I just re-read that, thanks. Actually, he was discussing modifying the taper between wiper and lug. Apples to Oranges as they say. In the extremely limited bonehead caveman tests I did, the tapers remained pretty darned constant when using a resistor from lug 1 to 3  (*NOT* a taper resistor between wiper and lug). Again, I am an uneducated hack so I'll just retract my statement. I certainly don't want to mislead anyone.

yeah...homegrown 🤣


----------



## finebyfine (May 17, 2021)

Feral Feline said:


> I seem to recall in the Secret Life of Pots, Mr Keen described how adding a resistor across 1 & 3 changes the taper somewhat...



This is that article for anyone else who might have trouble finding it like I did. I never know what pages stuff's gonna be on there ...


----------



## Feral Feline (May 18, 2021)

BAH, wrote the following yesterday or whenever... but didn't hit "Post reply"🤪


"Well it seems I'm due for a re-reading of Mr Keen's horticulture tome for DIYers, I'll pay more attention this time to the taper-resistors and the non-taper 1—3 combo."

Right you are Fig, it was the Taper-resistors between outer lug and wiper I was recalling through my foggy memory.

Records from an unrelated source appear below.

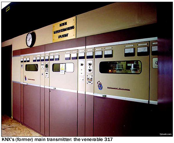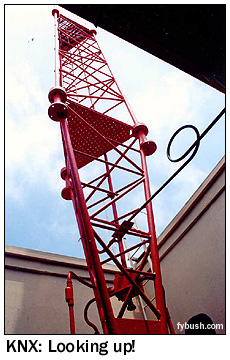 For whatever reason, the DA was not a success (unlike its cousins on the East Coast at WBZ and on the Gulf Coast at WWL), and KNX was back to non-directional operation in the sixties, just in time to become one of L.A.'s two all-news stations (we'll see the other one later in our tour.) There's still a second tower at the KNX site, but it's strictly for auxiliary use these days.
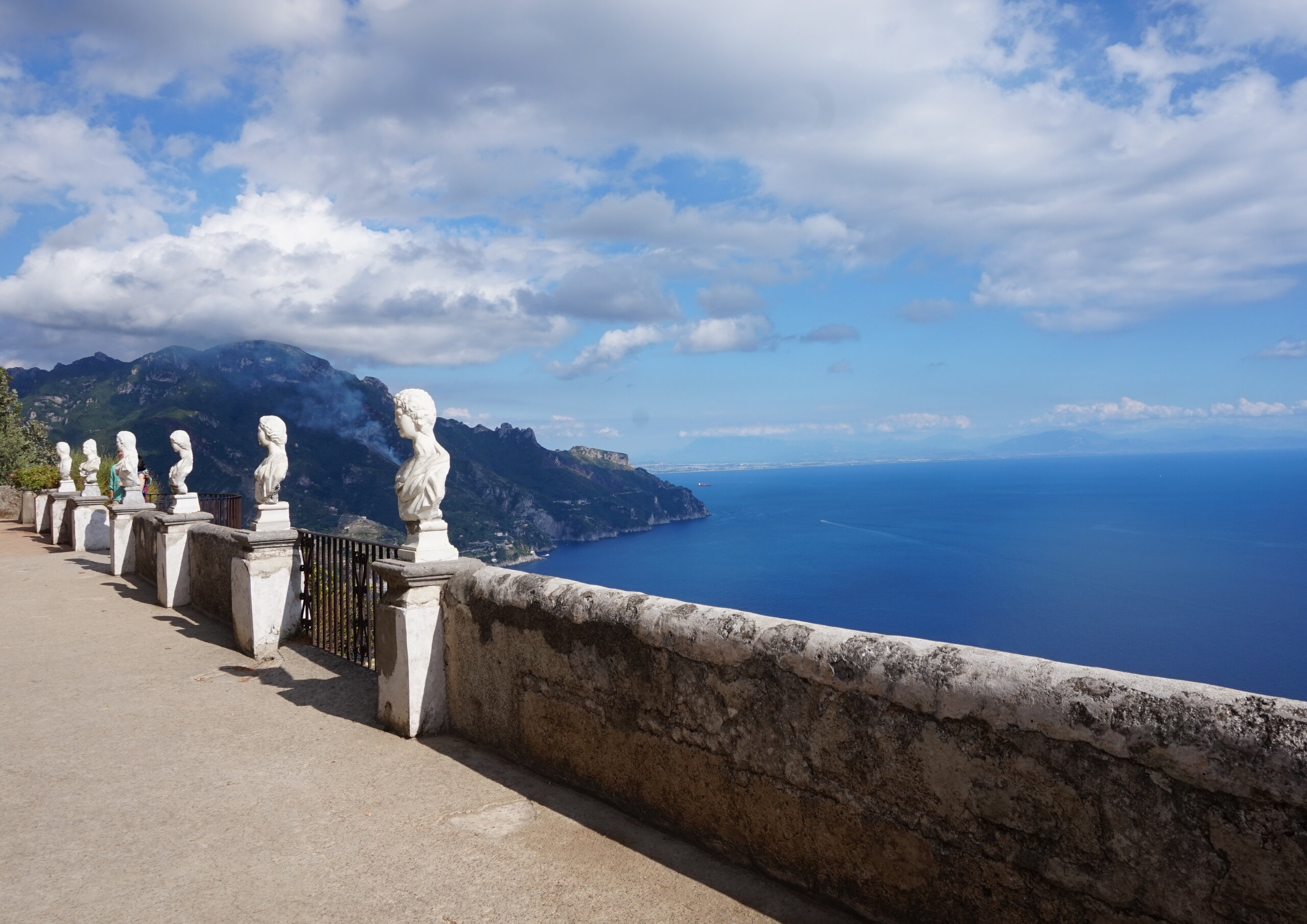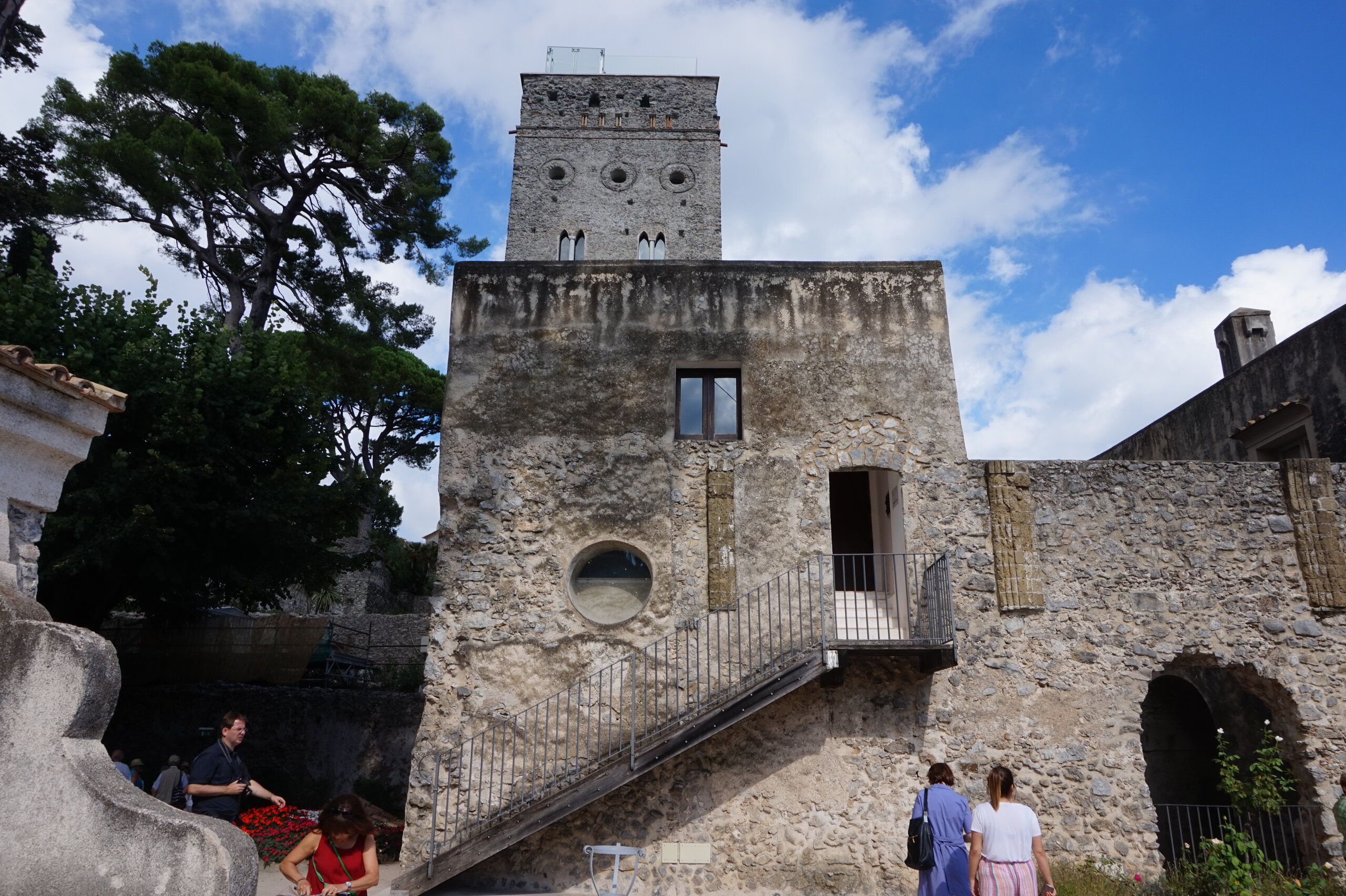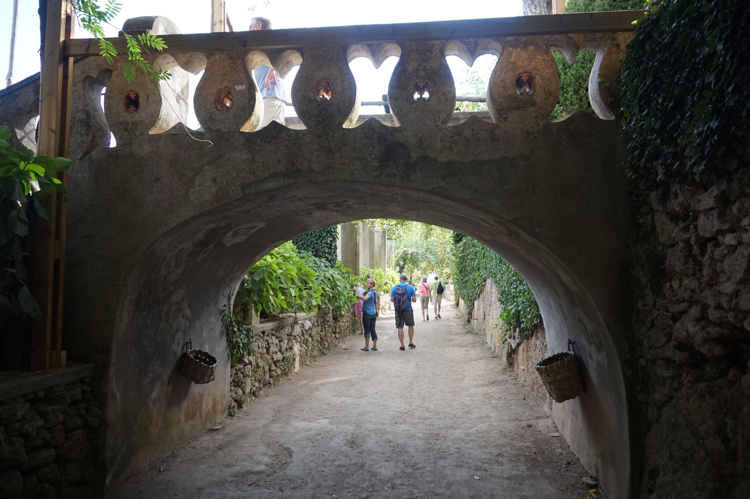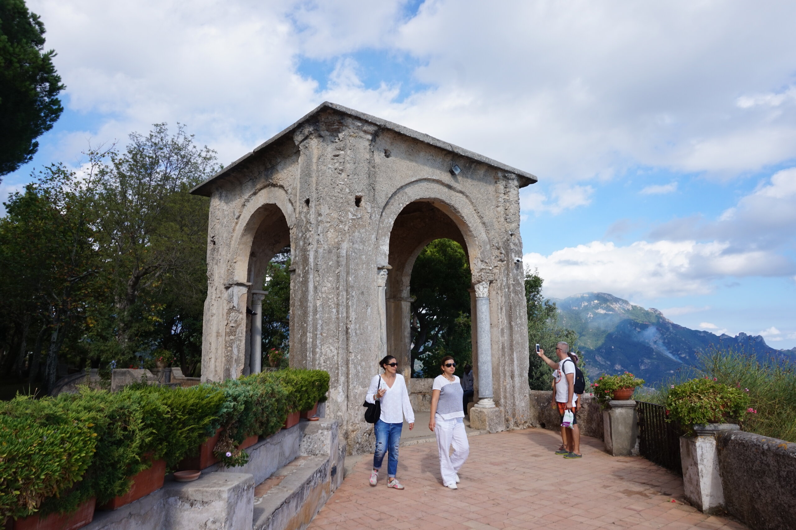 Р-Равелло. Это для меня одно из самых красивых мест в Италии. Высоко в горах над Амальфи, защищенный неприступными скалами и мощными стенами, в зарослях лимонных рощ, кроется небольшой городок. Когда-то здесь жили местные богачи, нажившие состояния на морской торговле. Они покинули шумные прибрежные поселения и забрались в поднебесье подальше от суеты и опасностей пиратского промысла. Ездили в Равелло с одногрупницей из Амальфи. Думали поехать на такси, с нас запросили 130 евро( с ожиданием 1,5 часа). Решили, что очень дорого и пошли на остановку автобуса. Итого туда-обратно-2,40 с человека. Автобусы ходят часто, иногда интервал5-15 минут. И 15 минут в дороге, любуемся сногсшибательными видами Амальфитаны. Мы вышли вот из этого тонеля, что посередине. Идём мы на Виллу Руфоло вот в эту арку справа. Тридцатиметровая трёхъярусная башня Торре Маджоре. На неё можно подняться, но я об этом не знала, да и времени у нас очень мало. Руфоло – знатное и богатое итальянское семейство, на протяжении многих лет игравшее большое значение в жизни Равелло. Во второй половине XIII века Руфоло построили прекрасную виллу на естественной террасе на высоте 350 метров над уровнем моря. Теперь Вилла Руфоло - один из главных символов Равелло. Почти двести лет до середины XIX века вилла была заброшена и находилась в полном запустении, пока в 1851 году её не приобрел коллекционер, искусствовед и любитель природы Френсис Невилл Рид, шотландец по происхождению. Благодаря Риду близ виллы появился прекрасный сад, в котором владелец постарался отразить суть эпохи романтизма. Открыточный вид Амальфитаны И ещё одна вилла Вилла Чимброне расположилась на скалистом утесе Чимброниум, от которого она и получила свое имя. Первичный особняк был построен в 11 веке, в период расцвета Равелло, и позднее был несколько раз перестроен. Вилла переходила из рук в руки . В 1904 году английский политик Эрнест Беккетт выкупил виллу и приступил к проекту масштабной реконструкции здания и сада. Он тяжело переживал смерть любимой жены и по совету друзей уехал лечить душевную травму в Италию (неплохой совет, а?) Амальфитанское побережье сразило своей красотой англичанина, и он остался здесь навсегда. Именно по его инициативе здесь были сооружены бойницы, террасы и крытая галерея. Особняк сочетает в себе элементы готической, норманнской, мавританской и венецианской архитектуры. Сегодня это фешенебельный отель , однако вход в сад открыт для всех желающих за 7 евро Но все едут на виллу Чимброне не за архитектурными изысками, а за великолепными видами, которые открываются из ее сада. Можно сказать безо всякого преувеличения, что эти виды – одни из самых лучших на всем Амальфитанском побережье. Через аллею Изобилия мы попадаем на Террасу Бесконечности. Не смогу описать лучше, чем автор книги «Я люблю Капри» Дж. Белинда -«… Церера, богиня плодородия встречает меня в конце аллеи и направляет в арку, откуда открывается самая потрясающая панорама, какую только доводилось мне видеть: длинный широкий балкон, где в ряд гордо выстроились 7 бюстов, и их силуэты четко выделяются на фоне царственных гор и моря цвета индиго…» И вот эти захватывающие дух виды! Скала нависает над резко спускающимся побережьем, где на террасах растут самые ароматнные и крупные лимоны в мире. Как хотелось всё это запомнить, впитать в себя, 
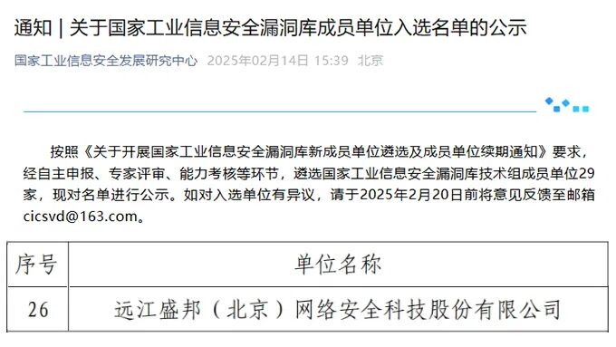 近日,国家工业信息安全发展研究中心公示了国家工业信息安全漏洞库(CICSVD)成员单位名单,
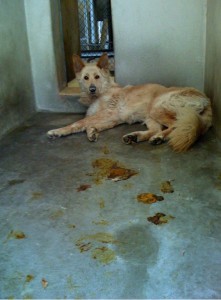 Or like this dying puppy left in a cold, barren cage, with no blanket so he is covered in his own urine:
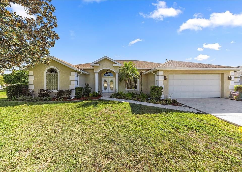 Welcome to this stunning 3-bedroom, 2-bath home in Ocala Palms conveniently located near shopping, dining, entertainment, and the World Equestrian Center. This open floor plan features high ceilings and a desirable split layout, providing plenty of natural light, privacy, and space for guests. The newly updated kitchen offers modern finishes and ample storage. Enjoy relaxing on the screened-in lanai with serene views of the koi pond and golf course!! Additional highlights include updated flooring, newer carpet, and a peaceful setting in a sought-after community. Don’t miss your chance to make this beautiful home yours!
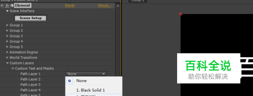 再次新建一个固态层,选择element,在custom test and masks中选择path layers1,选择出我们所要的文字
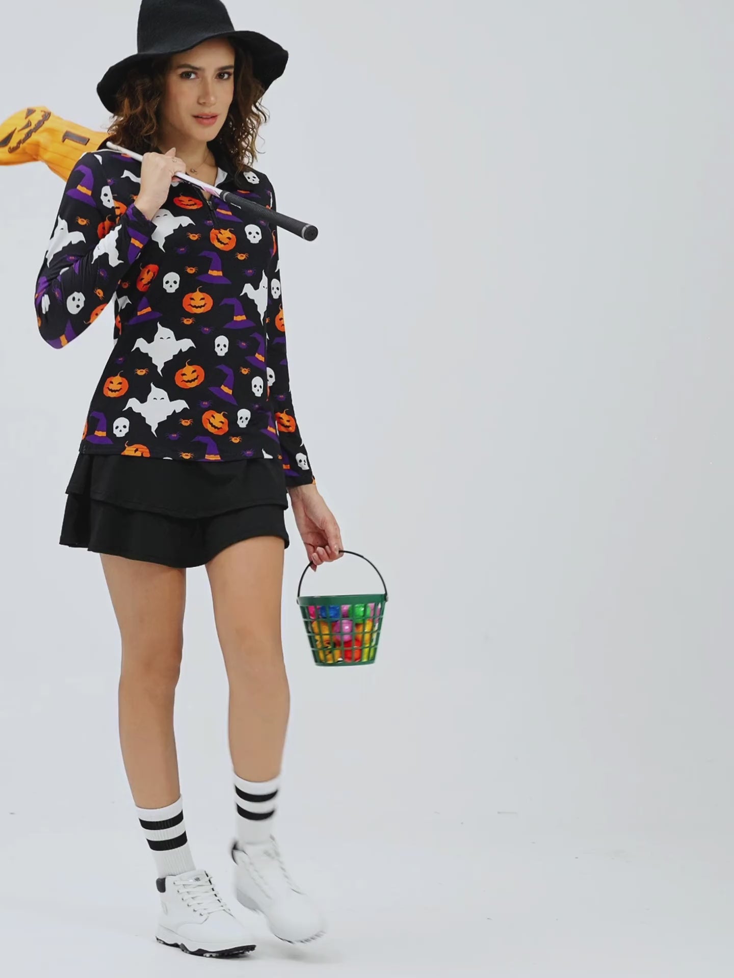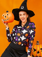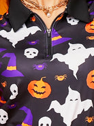Halloween Pumpkin and Skull Quarter-zip Long-sleeve Polo Top for Ladies
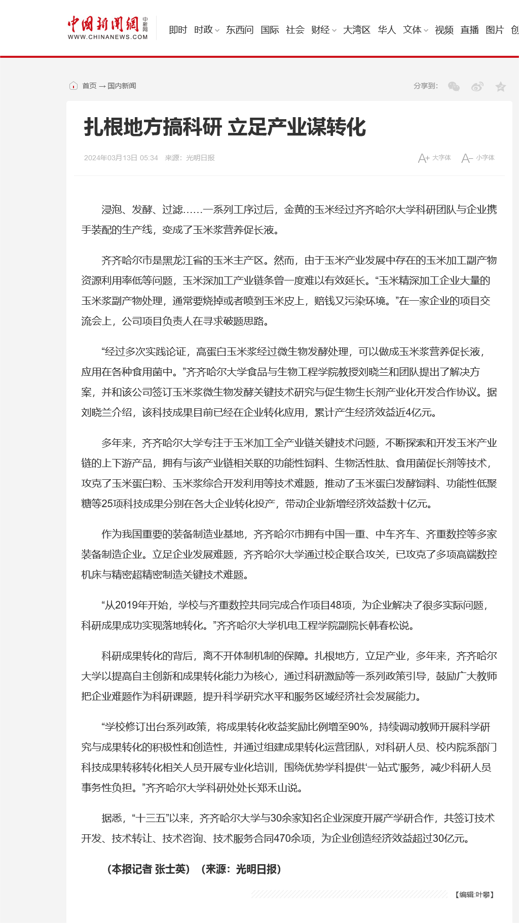 【中國(guó)新聞網(wǎng)】扎根地方搞科研 立足產(chǎn)業(yè)謀轉(zhuǎn)化
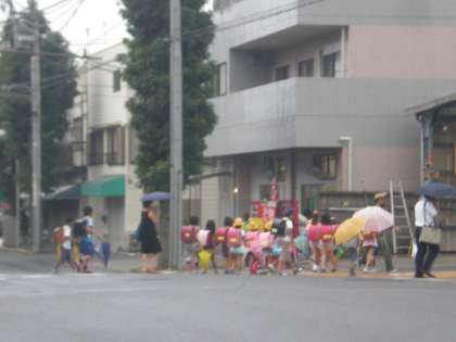 朝方の雨にもかかわらず、みんなちゃんと上手に登校できています。
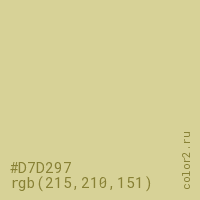 Цвет #D7D297 в цветовой модели RGB обозначается тремя октетами (215, 210, 151) в десятичном формате и #D7D297 в шестнадцатиричном (hex) формате, которые являются интенсивностью красного 215 (hex D7), интенсивность зелёного 210 (hex D2) и интенсивность синего 151 (hex 97).
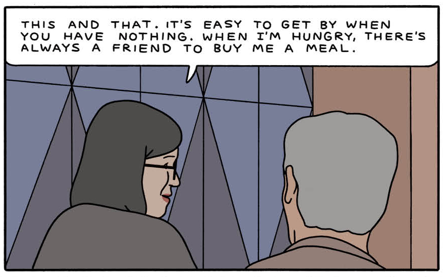 Acting Class is Drnaso’s third book. Less overtly political than Sabrina, Acting Class nonetheless resumes Sabrina’s preoccupation with the unnerving appeal of charlatanism in a nihilistic, alienated age. The ten characters, who enroll in the same evening acting class, are loners adrift in a bleak, colorless world: Drnaso’s drawings exhibit a dull, flat sameness that bespeaks internal landscapes of emotional numbness.
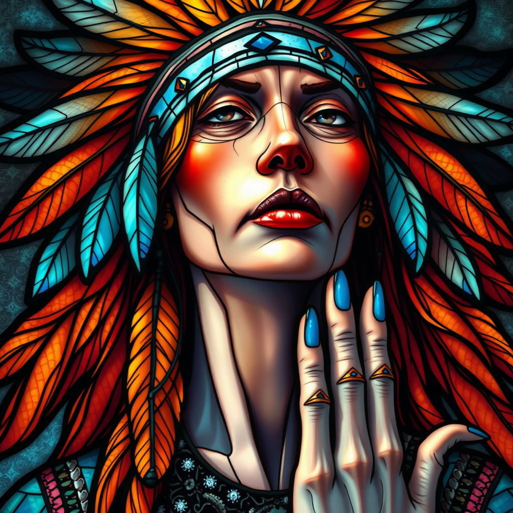 Psychedelic stained glass portrait of a North American Indian woman, adorned with feathers in her vibrantly colored orange flowing hair, UHD, HDR, 8K resolution, surreal elements with abstract features, elongated neck, extra fingers creating a unique, avant-garde interpretation, intricate detail, sharp focus, vivid color contrasts, artistic distortion, maintaining a sense of beauty amidst complexity, exploring themes of duality and transformation.
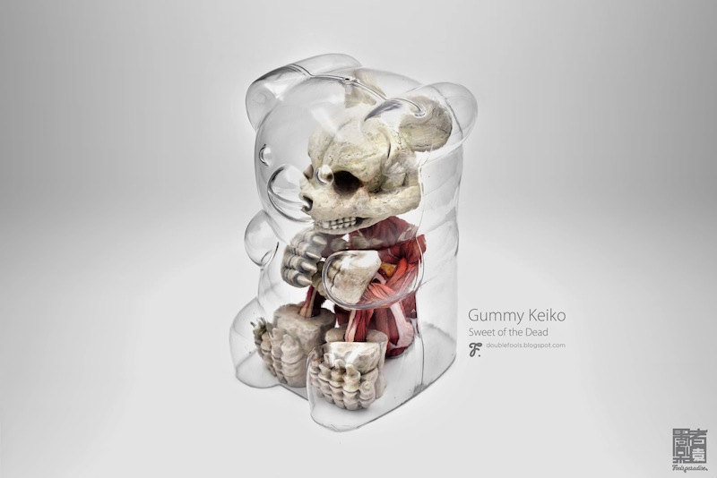 Joining the recent online release of the J.P.Toys exclusive “Confessions” set, Fools Paradise have just revealed another all-new creation, Gummy Keiko: Sweet of the Dead! Whilst borrowing a little too heavily from Jason Freeney’s Gummi Bear Anatomy design (check it here) for our comfort, there’s no denying the time and attention to detail that’s gone into the 6″ tall piece- the completely re-sculpted, anatomical Keiko, the crystal clear, PVC cast gummy bear dome and the stunning paint work simply oozes quality that’s rarely matched in the resin art toy scene. Available via preorder through the Fools Paradise blog here until July 11th, Gummy Keiko can be yours for $239 shipped worldwide…
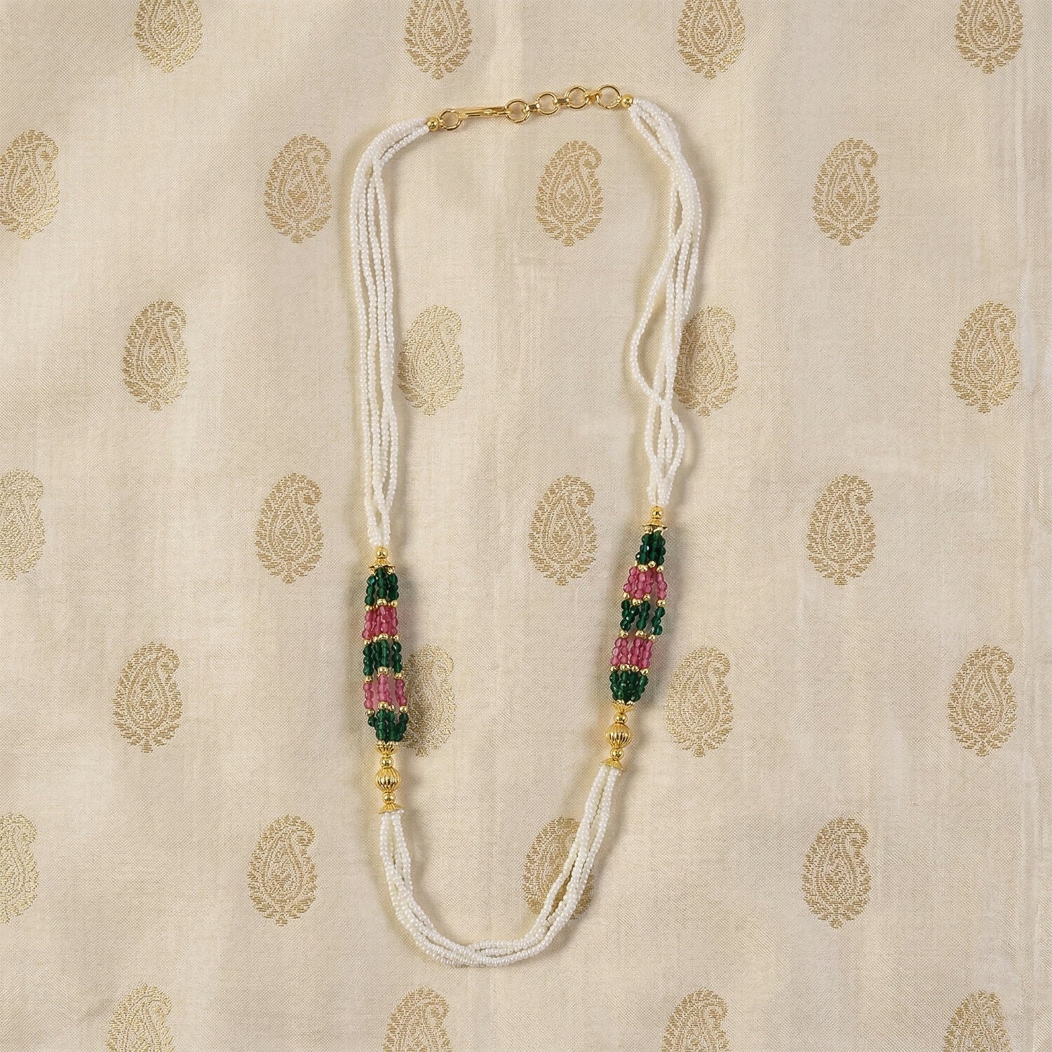 Enhance your ethnic look with this beautifully handcrafted white beaded mala necklace featuring a striking combination of green and pink traditional beadwork. Designed with fine detailing and multiple bead strands, this piece brings a graceful and timeless charm to any outfit. The handcrafted design adds uniqueness, making it stand out for festive occasions, cultural events, and daily traditional wear. Its lightweight structure ensures comfortable wear throughout the day while maintaining a rich and elegant appearance. A perfect choice for those who appreciate handmade jewelry with classic traditional aesthetics.
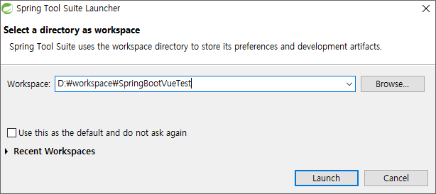 이클립스는 다들 설치되어 있다고 생각하고 바로 프로젝트를 생성해보자. Workspace 이름 이던지 프로젝트 이름이든 이름 짓기는 매우 귀찮으니, 막 나열해서 붙여보자 SpringBootVueTest라는 Workspace를 생성한다.
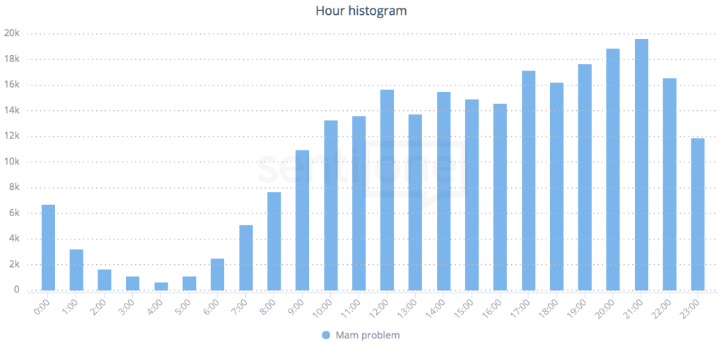 Kiedy dopytują internauci? Monitoring internetu pozwala na optymalizację pracy działu obsługi klienta. O ile temat „mam problem” jest dużym uogólnieniem, to wystarczy w konfiguracji projektu dodać hasło kluczowe – nazwę naszej marki, aby wiedzieć, które dni są najaktywniejsze.

@finebyfine ‚ thanks for the link. I usually will link stuff like that, but I'm getting lazier the older I get, I guess. Also, it is tough to find, that particular link/page. Sometimes I find it easily, but mostly I have to hunt for it.


----------



## fig (May 18, 2021)

finebyfine said:


> This is that article for anyone else who might have trouble finding it like I did. I never know what pages stuff's gonna be on there ...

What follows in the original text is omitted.